Here is some further information on use of the term 'titlecase' in and around Unicode (and a little more generally).

@josephwright wrote (elsewhere):

the Unicode FAQ does use 'titlecase' for the idea of 'capitalising': https://unicode.org/faq/casemap_charprop.html#4

However, according to this FAQ (and my research) the Unicode
documentation in reality uses the term only within these two
specific terms:

the name of a character mapping, “titlecase mapping”, which
is the character mapping that is used by “Capitalisation”;
the name of a Unicode “general category” of characters:
Lt (letter, titlecase).

The above referenced FAQ does indeed also allude (without a
reference) to the possible use elsewhere of the term “titlecase”,
but it seems to clearly eschew (==not support) such usage within
Unicode documentation beyond the cases of the two terms listed above.

Elsewhere, the term is used, occasionally and inconsistently, for the somewhat ill-defined idea of transforming “a title” by uppercasing (or, in sophisticated cases, titlecasing) the start of some more or less well-defined selection of the words.
Also occasionally, for a transformation that changes only the initial character(s) of a word or string (and is never applied to normal multi-word text).

I could not find any examples of its use in relation to the capitalisation of all words in multi-word text.

josephwright · 2023-10-13T12:07:27Z

Right, rebasing, etc. for a merge (@moewew)

moewew · 2023-10-13T19:23:30Z

There are a couple of references to titlecase_once (which is not defined in the current version of expl3 on my machine), but then it is not documented (or implemented?) anywhere. Is that intended?

I don't think I'll manage to get the current GitHub dev version of expl3 running in time, so I'll have to do this blind.

Can you please tell me what

\documentclass{article}

\ExplSyntaxOn
\def\test#1{\text_titlecase_first:n{\text_lowercase:n{#1}}}
\ExplSyntaxOff

\begin{document}
\test{Lorem ipsum Dolor sit Amet A}

\test{lorem ipsum Dolor sit Amet A}
\end{document}

produces with this PR merged?

josephwright · 2023-10-14T10:43:11Z

There are a couple of references to titlecase_once (which is not defined in the current version of expl3 on my machine), but then it is not documented (or implemented?) anywhere. Is that intended?

No - I'll tidy those up - we had a bit of back-and-forth about first vs once.

I don't think I'll manage to get the current GitHub dev version of expl3 running in time, so I'll have to do this blind.

No pressure - we just did a release, I can sit on this for a while.

\test{Lorem ipsum Dolor sit Amet A}
\test{lorem ipsum Dolor sit Amet A}

Both will give Lorem ipsum dolor sit amet a.

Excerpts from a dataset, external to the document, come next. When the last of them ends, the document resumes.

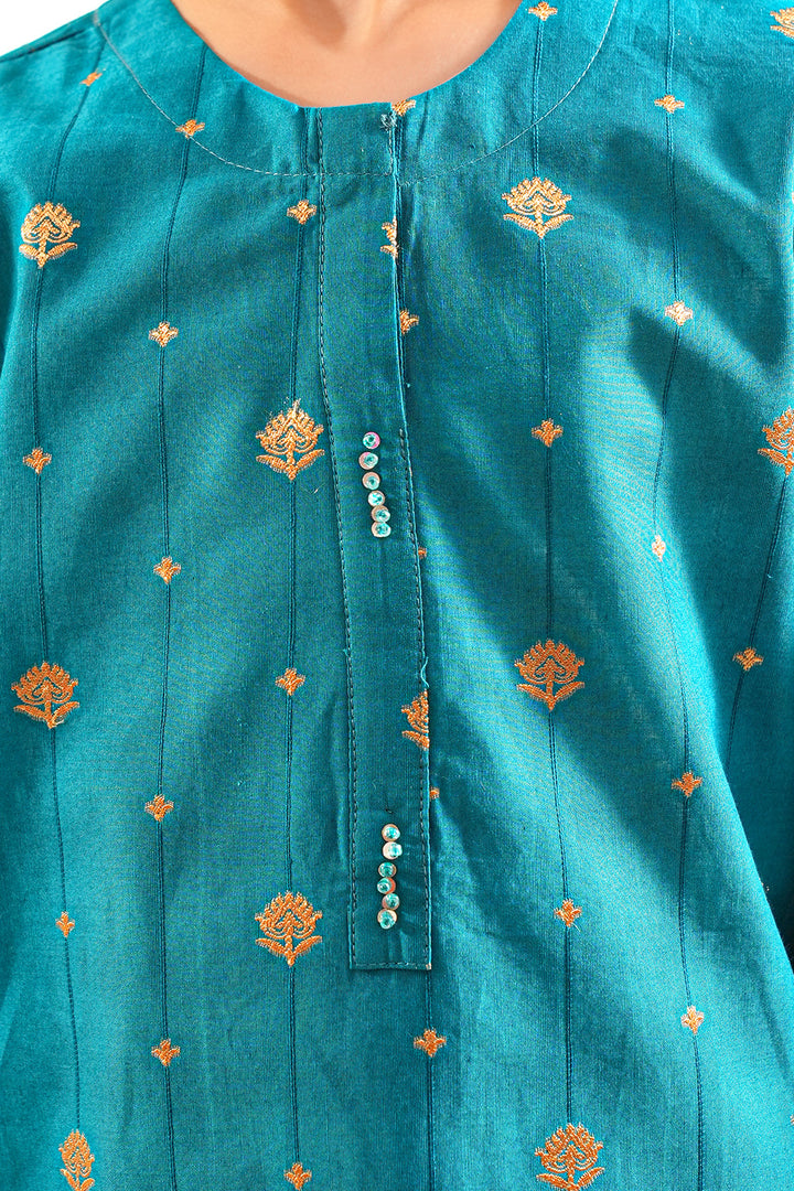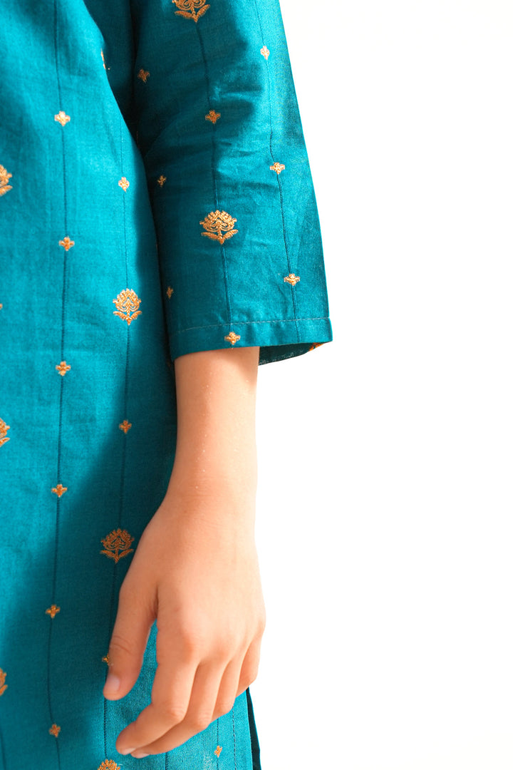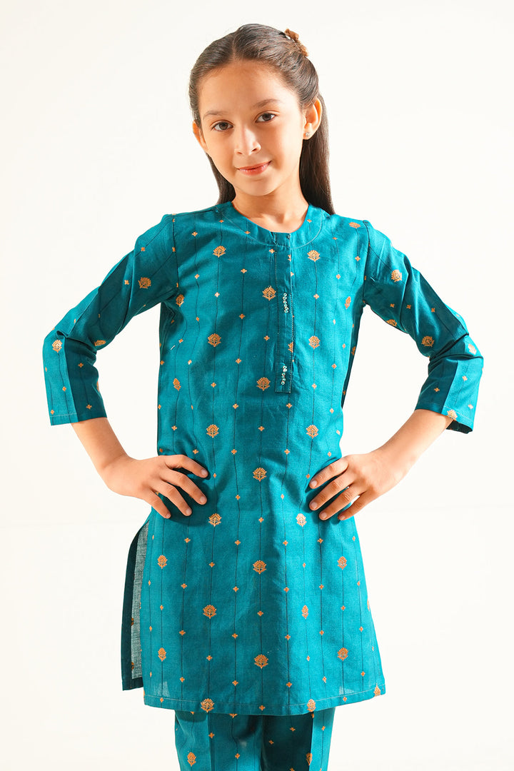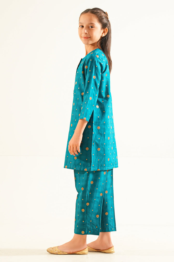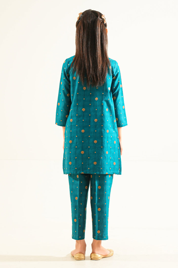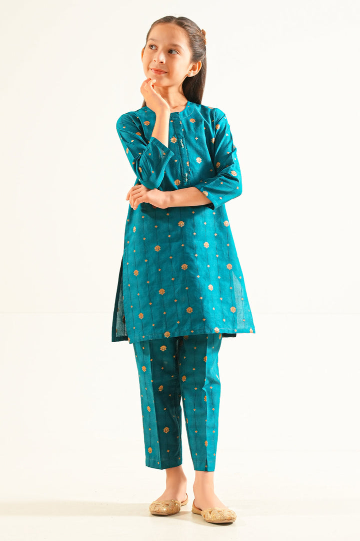A Delightful Wardrobe Addition For Your Little One, This Stitched Cotton Jacquard Shirt & Trouser Set By SAYA Combines Style With Comfort. Crafted From Premium Cotton Jacquard, The Outfit Features An Elegant Self-Textured Finish With A Neatly Tailored Fit, Perfect For Formal Gatherings Or Festive Moments.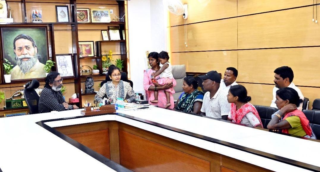 Ranchi : मुख्यमंत्री हेमंत सोरेन से आज कांके रोड रांची स्थित मुख्यमंत्री आवासीय कार्यालय में हजारीबाग जिला बल के हवलदार स्व० चौहान हेम्ब्रम के परिजनों ने मुलाकात की। मुख्यमंत्री ने हवलदार स्व० चौहान हेम्ब्रम की पत्नी श्रीमती जोमोती देवी, पुत्र महेश हेम्ब्रम तथा पुत्री स्वाति हेम्ब्रम सहित अन्य परिजनों के प्रति गहरी संवेदना प्रकट की। मुख्यमंत्री हेमन्त सोरेन ने हवलदार स्व० चौहान हेम्ब्रम के परिजनों को विश्वास दिलाया कि उन्हें हर हाल में न्याय मिलेगा।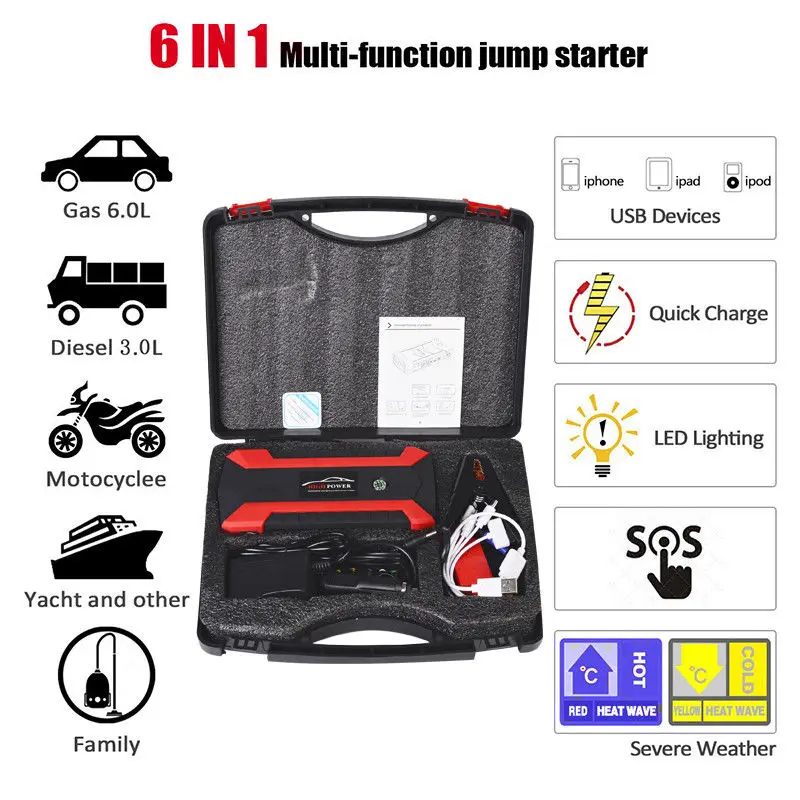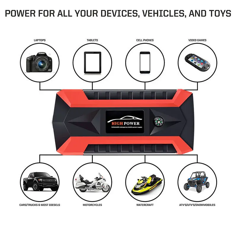 Galery for 89800mAh Car Jump Starter Pack Booster LCD 4 USB Charger Battery Power Bank New for Car Battery Cha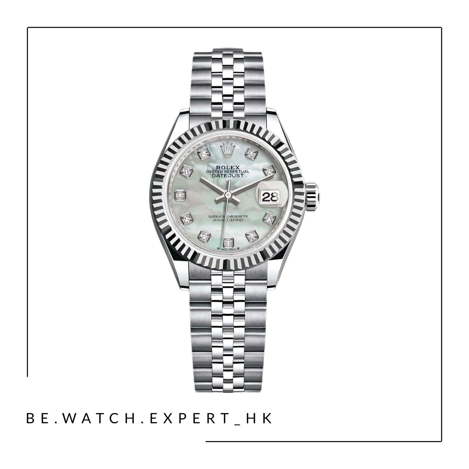 白色黃金及蠔式鋼款,搭配鑲鑽白色珍珠母錶面及紀念型(JUBILEE)錶帶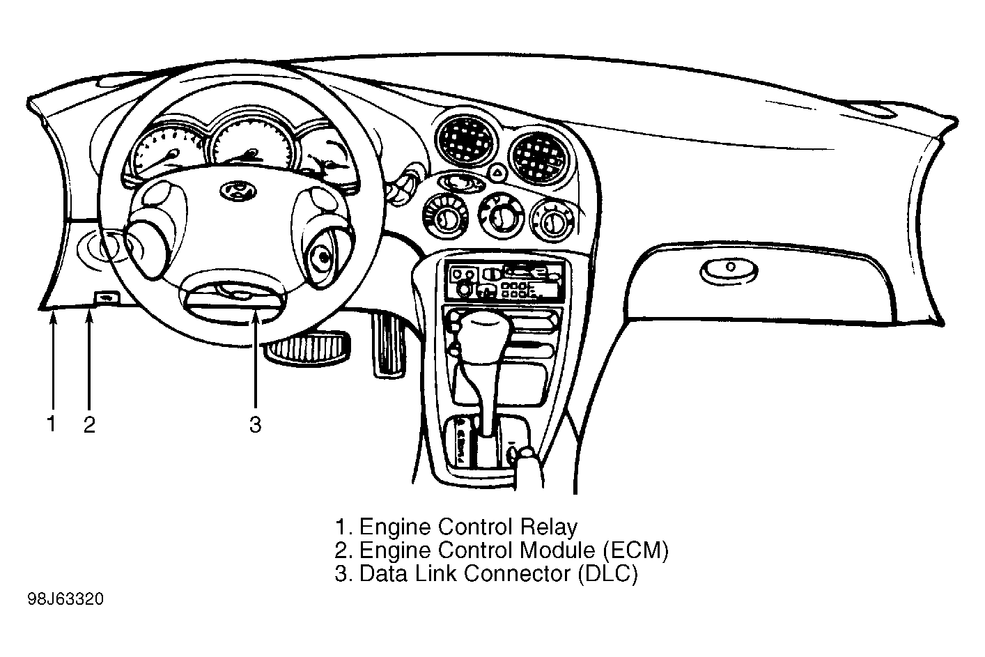 | Engine Control Module (ECM) | Behind left side of dash. See Figure . |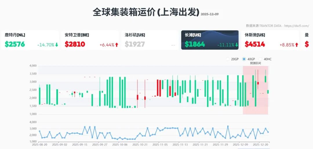 多家头部货代公司预测,美线若要迎来触底反弹,大概率需等到2025年12月下旬至 2026年春节前。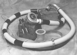 The portable unit consists of a hydraulic-driven pump mounted at the end of a flexible length of plastic tubing. Hydraulic hoses tie to the tubing.
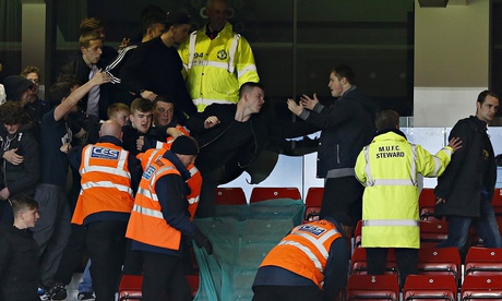 Tuesday evening’s match – won 4-0 by Warren Joyce’s young United side, who now need only a point against City to seal the title – was marred by skirmishes between fans in the stands and a pitch invader late in the game. Manchester police made three arrests.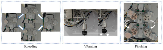 Schematic diagrams of the motions of three massage techniques, namely kneading, pinching, and vibrating, in the parallel structure of the technique in the six-degree-of-freedom core massage platform. Among them, kneading has a cyclic switching of four positional states, and vibrating and pinching have a cyclic switching of two positional states.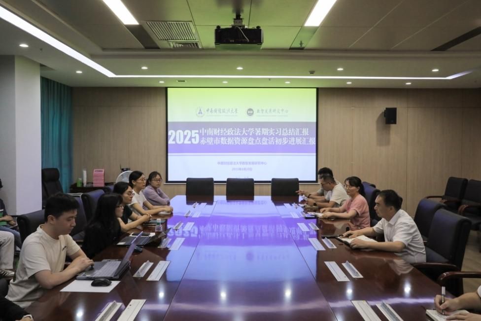 (通讯员李冯骁 傅耀茗)8月28日下午,我院暑期数智化数据要素流通产教融合创新实践实习总结汇报暨赤壁市数据资源盘点盘活初步工作汇报会于赤壁市政数局顺利召开。赤壁市政数局党组书记、局长余新华及相关负责人,赤壁市数字信息产业发展有限公司副总经理魏胜,数智发展研究中心主任胡淑兰教授,副主任邹娜副教授,实习指导老师李宇勐副教授、袁茹老师,以及全体实习生共同参加总结会。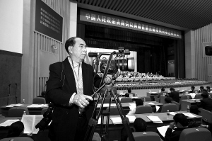 2月8日,吴可义正在大会现场拍摄。18年来,吴可义用手里的摄像摄影设备忠实记录了政协会议的点滴变化。 本报记者 张杰 摄

The overall feeling seemed to be we don't need to lowercase then titlecase in most applications, and that just titlecasing is enough. If that turns out to be problematic, I'll sort something a bit more integrated but where it's clear that first/all is about the 'words' and that the lowercasing is different.

moewew · 2023-10-15T07:10:06Z

Can you tell me what

\documentclass{article}
\usepackage{csquotes}

\ExplSyntaxOn
\bool_set_false:N  \l_text_titlecase_check_letter_bool
\def\test#1{%
  \text_titlecase_first:n{\text_lowercase:n{#1}}\par
  \text_titlecase:n{#1}}
\ExplSyntaxOff

\begin{document}
\test{\enquote{lorem ipsum}}

\test{\enquote*{lorem ipsum}}
\end{document}

gives with the PR merged?

I get

“Lorem ipsum”
“Lorem ipsum”
‘l’orem ipsum
‘lorem ipsum’

where the "‘l’orem ipsum" is not what I want. That means that at least in the current version of the kernel the nested \text_ calls are not a proper replacement for what we need. (So I cannot just switch biblatex to using that for good. We actually need some case distinction on how old the kernel is... presuming it works on dev.)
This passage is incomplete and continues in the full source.